Cpf1, a type V CRISPR effector, recognizes a thymidine-rich protospacer-adjacent motif and induces cohesive double-stranded breaks at the target site guided by a single CRISPR RNA (crRNA). Here we show that Cpf1 can be used as a tool for DNA-free editing of plant genomes. We describe the delivery of recombinant Cpf1 proteins with in vitro transcribed or chemically synthesized target-specific crRNAs into protoplasts isolated from soybean and wild tobacco. Designed crRNAs are unique and do not have similar sequences (≤3 mismatches) in the entire soybean reference genome. Targeted deep sequencing analyses show that mutations are successfully induced in FAD2 paralogues in soybean and AOC in wild tobacco. Unlike SpCas9, Cpf1 mainly induces various nucleotide deletions at target sites. No significant mutations are detected at potential off-target sites in the soybean genome.
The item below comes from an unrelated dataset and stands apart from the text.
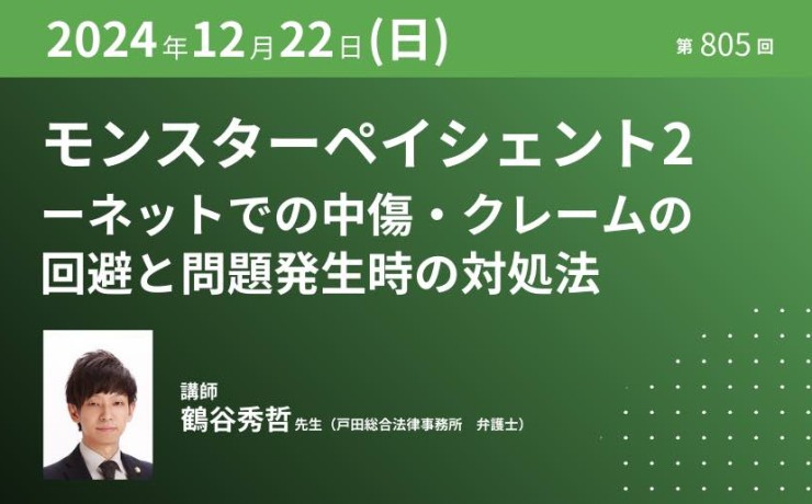 モンスターペイシェント2-ネットでの中傷・クレームの回避と 問題発生時の対処法|2024年12月22日(日)【第805回】

These results demonstrate that Cpf1–crRNA complex is an effective DNA-free genome-editing tool for plant genome editing.
Clustered regularly interspaced short palindromic repeats (CRISPR)–CRISPR-associated proteins (Cas), an adaptive immune system of prokaryotes1, has now become a powerful tool for genome editing2,3,4,5. In the type II CRISPR-Cas system, RNase III and the single, large Cas9 protein are involved in the processing of precursor CRISPR RNA (crRNA) in the presence of trans-acting crRNA6. The Cas9 protein has two additional functions: recognizing the target site and making a site-specific double-stranded break7. In the type I and type III systems, several Cas proteins are involved in the recognition and cleavage of target sites8. Because of the simplicity and efficiency of the type II system, Cas9 proteins (especially from Streptococcus pyrogene) are widely used for genome editing.
CRISPR-Cpf1 (CRISPR from Prevoltella and Francisella1) has recently been reported as a new type of genome-editing tool9; similar to the type II CRISPR-Cas system, a single Cpf1 protein functions in crRNA processing10, target-site recognition and DNA cleavage9. Cpf1, however, differs from Cas9 as follows9,11: (1) Cpf1 recognizes T-rich (such as 5′-TTTN-3′) PAM sequences; (2) the PAM sequence is located at the 5′-end of a target DNA sequence, upstream of a protospacer sequence; (3) Cpf1 is guided by a single crRNA, no trans-acting crRNA is needed9; and (4) Cpf1 is a ribonuclease, processing precursor crRNAs10. Among several proteins in the Cpf1 family, LbCpf1 from Lachnospiraceae bacterium ND 2006 and AsCpf1 from Acidaminococcus sp. BV3L6 act more effectively in human cells compared with other orthologues9,12.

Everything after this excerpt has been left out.